Fal taşı gibi açıldı gözü hayvanın
Yıldırımlar içinde süzülüyor. Nasıl?
Dökülen tüylerini topladım kanadımın
Hapsettim akbabayı kalmadı bir fasıl.
Tek kurşun uzağım özgürlüğe
Savaş alanını terk ettim arkama bakmadan
Dünyayı verdiler nasırlı ellerime
Uyandım, gözümü yakan uykularımdan.
Bir temmuz soğuğu ürperdi tenim
Ellerim üşüdü, ateşler içinde
Merdivenin son basamağına gelivermişim.
Açtım pencereyi yol verdim kıyametime.
Kimine kurtuluş, kimine yok oluş
Bu sonsuzluk ki benim sonum
Hayatımın sonu değil asıl sonucu olmuş
Ben varken o yok, o varken ben yokum.
Gölgem değil, gövdem karardı asıl
Ateşin harlısını denk getirdi kader.
Küçücük omzuma Kaf Dağı’nı yükledin. Nasıl?

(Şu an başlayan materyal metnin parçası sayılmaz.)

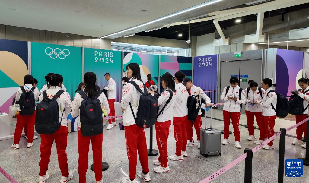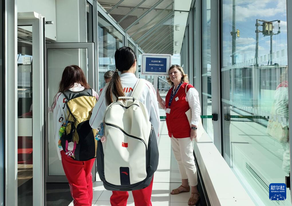 8月21日,中国体育代表团成员抵达机场后。当日,巴黎残奥会中国体育代表团抵达法国巴黎戴高乐机场。新华社记者 才扬 摄

Gördüğüm, görmediğimin aynasıymış meğer
Her şey ipin ucunda gizli bir düğüm.
Kararır göğün kalesi, yükselir derinlik.
Nadide bir kumaşın son nakışı ölüm
İnanana yolculuk, inanmayana sonsuz sessizlik.
Elif Turan
Kayıt Tarihi : 5.5.2022 00:56:00





© Bu şiirin her türlü telif hakkı şairin kendisine ve / veya temsilcilerine aittir.
ölümserken...

çok teşekkür ederim, nicelerine...
beğeni ile okudum
TÜM YORUMLAR (3)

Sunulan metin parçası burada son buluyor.